Greyhounds make great pets - not bets!
The commercial greyhound racing industry is officially on notice in New Zealand, with a recommendation due by the end of the year from Racing Minister McAnulty as to whether it has a future in our society. SPCA thinks commercial greyhound racing should be a thing of the past, so here we look at why they make great pets!
Greyhounds can make a great companion for the whole family. Like any breed of dog, each greyhound is an individual with a unique personality. As with all dogs, their behaviour is impacted by a combination of genetics, early life experiences, and training.
Greyhounds are often discussed in the context of commercial greyhound racing but in this article we want to discuss greyhounds in another role - that of the beloved family pet.
Greyhounds are the fastest breed of dog in the world, so it may surprise people to find out that they are happy to spend most of their day lounging around on the couch. Greyhounds are sprinters so after a quick run around they love nothing more than to snuggle up. These long-legged, gentle souls are often great with people too.
Greyhounds are not known for being noisy, meaning you probably don’t need to worry about upsetting the neighbours.
So, whether you live on a lifestyle block or an apartment, a greyhound could be the perfect fit for you.
Skip the puppy stage
Greyhounds bred in New Zealand are almost exclusively bred for the commercial greyhound racing industry. Although many more greyhounds are bred and imported than go on to race, their racing ability is only apparent as they get older. For this reason, greyhounds available for adoption are typically adults.
Adopting an adult dog comes with many benefits as you will generally have a clearer idea of their personality, and you can skip some of those awkward puppy phases, such as teething and toilet training.
Adjusting to life in the home
Most ex-racing greyhounds will have grown up in kennels, so life in a home may take some adjustment. However, many greyhounds do successfully adjust to life as a family pet.
While some trainers may do a great job of socialising their puppies, not all greyhound puppies receive adequate socialisation and training needed to set them up for an easy transition to life in a home.
Some greyhounds are known in the industry as “spooks”. These dogs have a severe fear response to any novelty and may find common household noises or even simple experiences, such as going up stairs or meeting new people, overwhelming. It is not clear if this behaviour is due to inherited traits or early life experiences, such as a failure to adequately socialise these dogs as puppies.
While greyhounds are often friendly, gentle dogs, if they have not been adequately socialised with smaller animals, they may show signs of predatory behaviour. For this reason, it is recommended that they should wear a muzzle in public, unless you are totally confident that your greyhound can be trusted around any small animals they may encounter.
Health and maintenance
Greyhounds are generally healthy dogs and their short sleek coats require little grooming.
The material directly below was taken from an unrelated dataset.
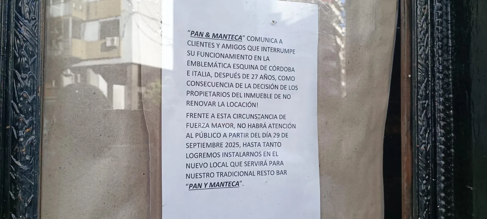 El tradicional restobar Pan y Manteca, ubicado desde hace 27 años en la emblemática esquina de Córdoba e Italia, en pleno Paseo del Siglo de Rosario, cerró sus puertas este lunes.

Having said this, like all breeds, there are some health conditions which are more common.
Research has identified dental disease, trauma and osteoarthritis as being more common in greyhounds. Greyhounds are four times more likely to suffer from dental disease than the general population of dogs. While this could be partly due to inherited breed disposition, limited veterinary and other dental care during their early rearing and throughout their racing life appears to also play a role.
Regular veterinary dental checks, dental treats and tooth brushing with pet-safe toothpaste can help you to keep them smiling.
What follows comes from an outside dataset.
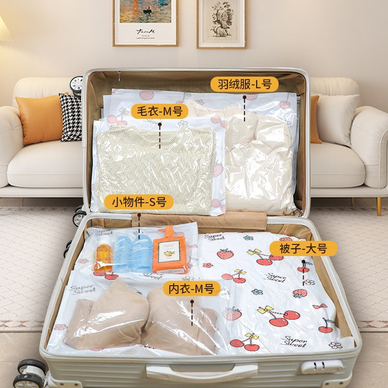旅行真空压缩袋行李箱专用收纳整理衣物免抽气便携手卷密封打包袋

What if commercial greyhound racing is banned in New Zealand?
The greyhound racing industry is on notice. If the Minister makes a recommendation at the end of this year to end commercial greyhound racing, this could mean up to 3,000 greyhounds may be looking for a home – although any rehoming effort is likely to be over a number of years, if the industry is ‘wound down’ over time. Worryingly, the industry does not appear to be taking steps in preparation for this – in fact the 2021 annual report shows that the industry bred more in the 2020/2021 season than the previous four seasons.
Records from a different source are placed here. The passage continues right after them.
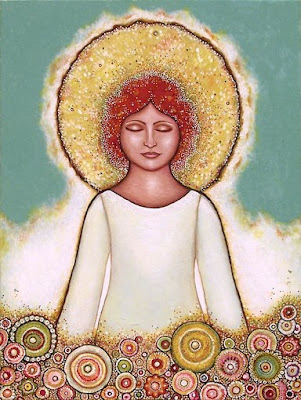 | Robin Rice of Enfield created this angel painting. It is part of the "Angels in the Casa" art exhibit at ArtSpace. |
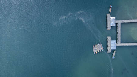 Aerial view photo of small motor boat or yacht standing near the wooden pier
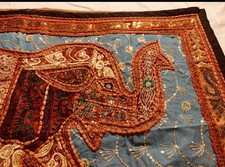 Spectacular Elephant Wall Hanging Beautiful Embroidered Vintage Fabrics 24”x36”

SPCA has encouraged the industry to prepare in case commercial greyhound racing is banned in New Zealand and has offered support to facilitate rehoming through existing rehoming facilities and rescues.
While some are concerned that an end to greyhound racing might mean an end to the breed, it is important to remember that only seven countries currently allow commercial greyhound racing but greyhounds remain a popular dog breed worldwide. Greyhounds can make wonderful companions so let’s ensure they have a future as pets, not bets.”